Chawner, of course, no more guessed Paul's true name and nature than anyone else who had come in contact with him in his impenetrable disguise, and his motive for attempting to prevent an interview with the Doctor can only, I fear, be explained by another slight digression.
The Doctor, from a deep sense of his responsibility for the morals of those under his care, was perhaps a trifle over-anxious to clear his moral garden of every noxious weed, and too constant in his vigilant efforts to detect the growing shoot of evil from the moment it showed above the surface.
As he could not be everywhere, however, it is evident that many offences, trivial or otherwise, must have remained unsuspected and unpunished, but for a theory which he had originated and took great pains to propagate amongst his pupils.
The theory was that every right-minded boy ought to feel himself in such a fiduciary position towards his master, that it became a positive duty to acquaint him with any delinquencies he might happen to observe among his fellows; and if, at the same time, he was oppressed by a secret burden on his own conscience, it was understood that he might hope that the joint revelation would go far to mitigate his own punishment.
It is doubtful whether this system, though I believe it is found successful in Continental colleges, can be usefully applied to English boys; whether it may not produce a habit of mutual distrust and suspicion, and a tone the reverse of healthy.
For myself, I am inclined to think that a schoolmaster will find it better in the long run, for both the character and morals of his school, if he is not too anxious to play the detective, and refrains from encouraging the more weak-minded or cowardly boys to save themselves by turning "schoolmaster's evidence."
Dr. Grimstone thought otherwise; but it must be allowed that the system, as in vogue at Crichton House, did not work well.

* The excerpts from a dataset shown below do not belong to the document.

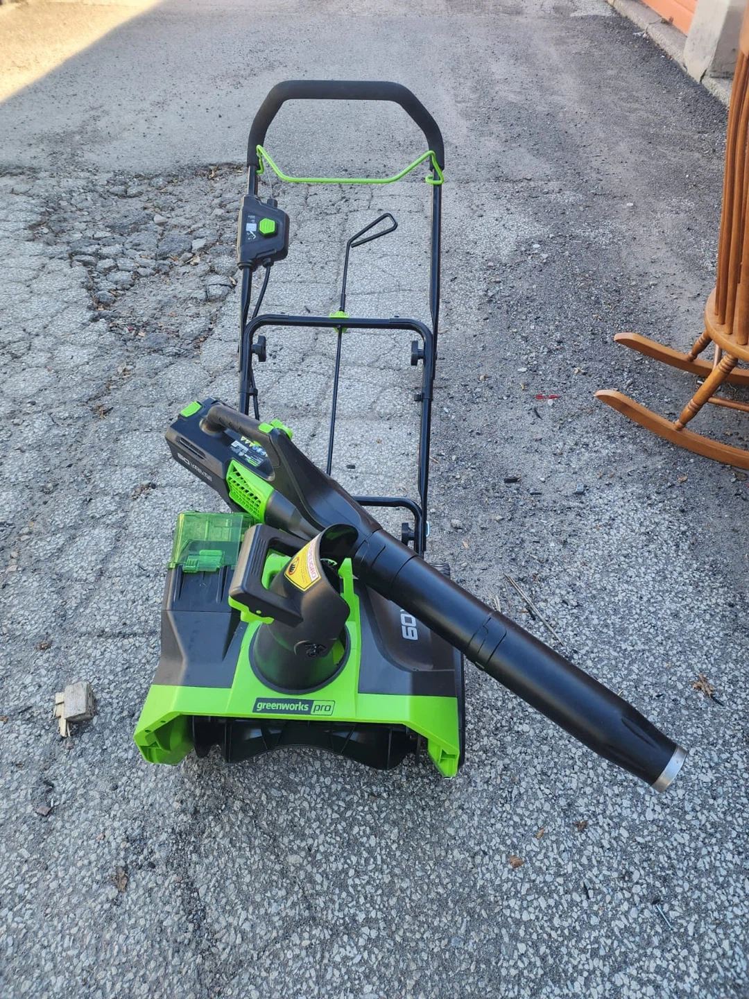 Selling a Greenworks Pro 60V snow shovel and leaf blower combo. Great for clearing snow and leaves quickly and efficiently. The set includes both the snow shovel and the leaf blower, all powered by the same 60V battery platform.
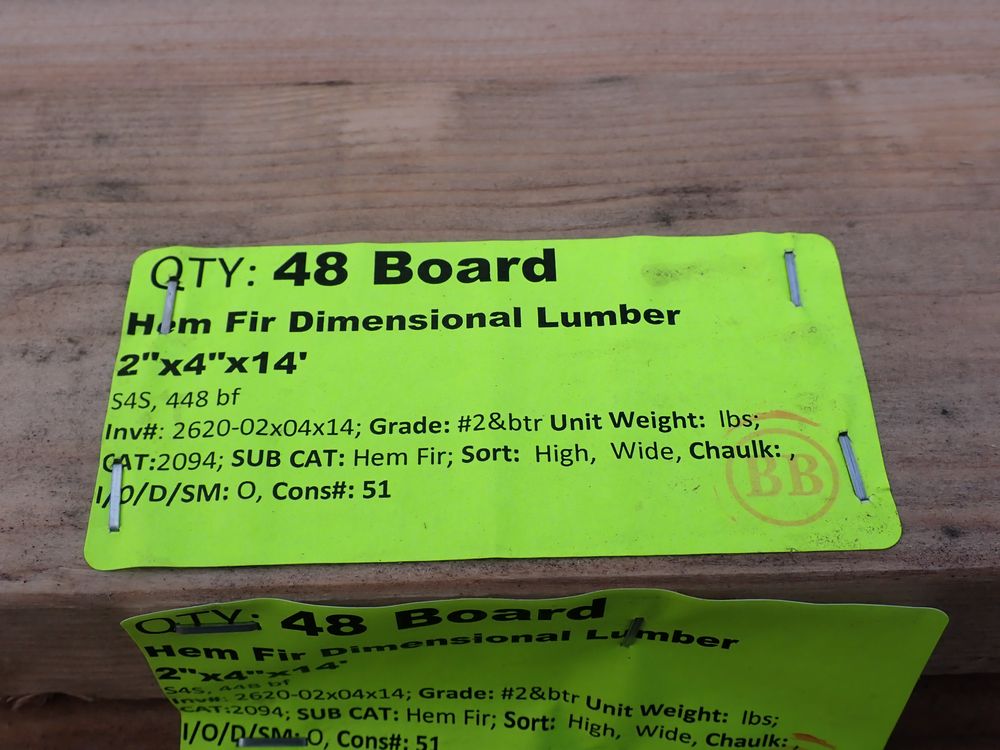 Hem Fir Dimensional Lumber 2" x 4" x 14'. S4S, 448 bf. Grade #2&btr *Any manufacturer warranties are NOT VALID with any purchase at our Auctions unless stated otherwise.. Weight: X. Sold by: Board. Sold as: Quantity x Price.
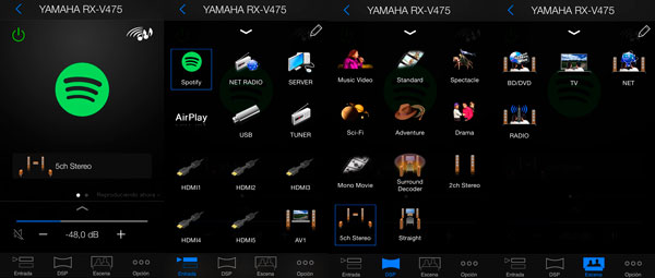 Además todos los modelos, exceptuando el RX-V379 que es el más básico, disponen de aplicaciones incluidas en el propio receptor para disfrutar de la música On-line, como es Spotify, música mediante DLNA, AirPlay y radio por internet. Te añado imágenes de algunas de las funciones de App para móviles:
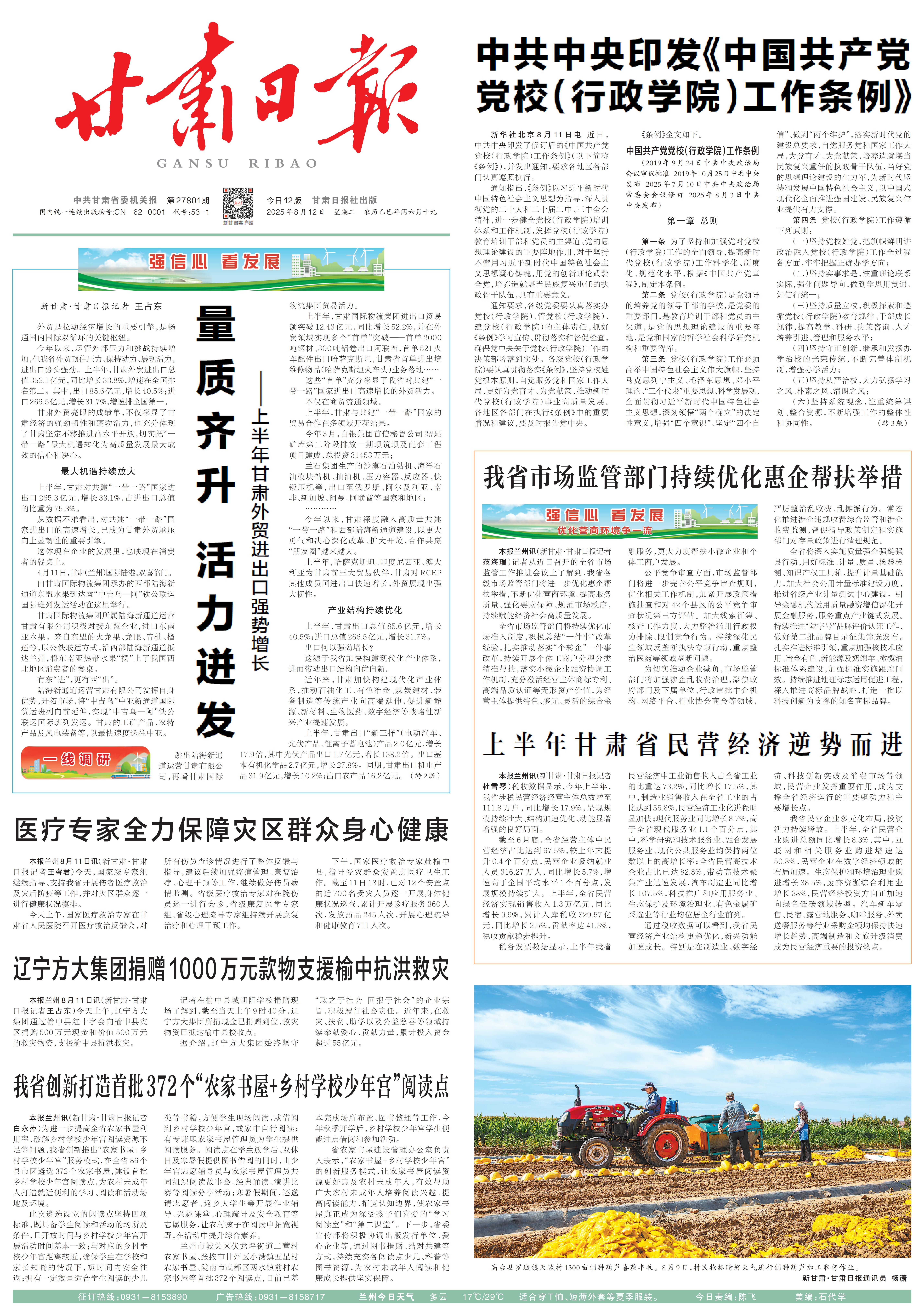 上半年,甘肃民营企业进出口保持了稳中有进的增长态势。兰州海关推出支持民营企业外贸高质量发展十条措施,从强化政策供给与精准帮扶、优化通关服务与效能提升、规范监管执法与权益保障上,助力企业开拓市场,为企业降本增效。

There were boys, of course, who took a sturdier view of their own rights and duties, and despised the talebearers as they deserved; there were others, also, too timid and too dependent on the good opinion of others to risk the loss of it by becoming informers; but there were always one or two whose consciences were unequal to the burden of their neighbour's sin, and could only be relieved by frank and full confession.
Unhappily they had, as a general rule, contributed largely to the sum of guilt themselves, and did not resort to disclosure until detection seemed reasonably imminent.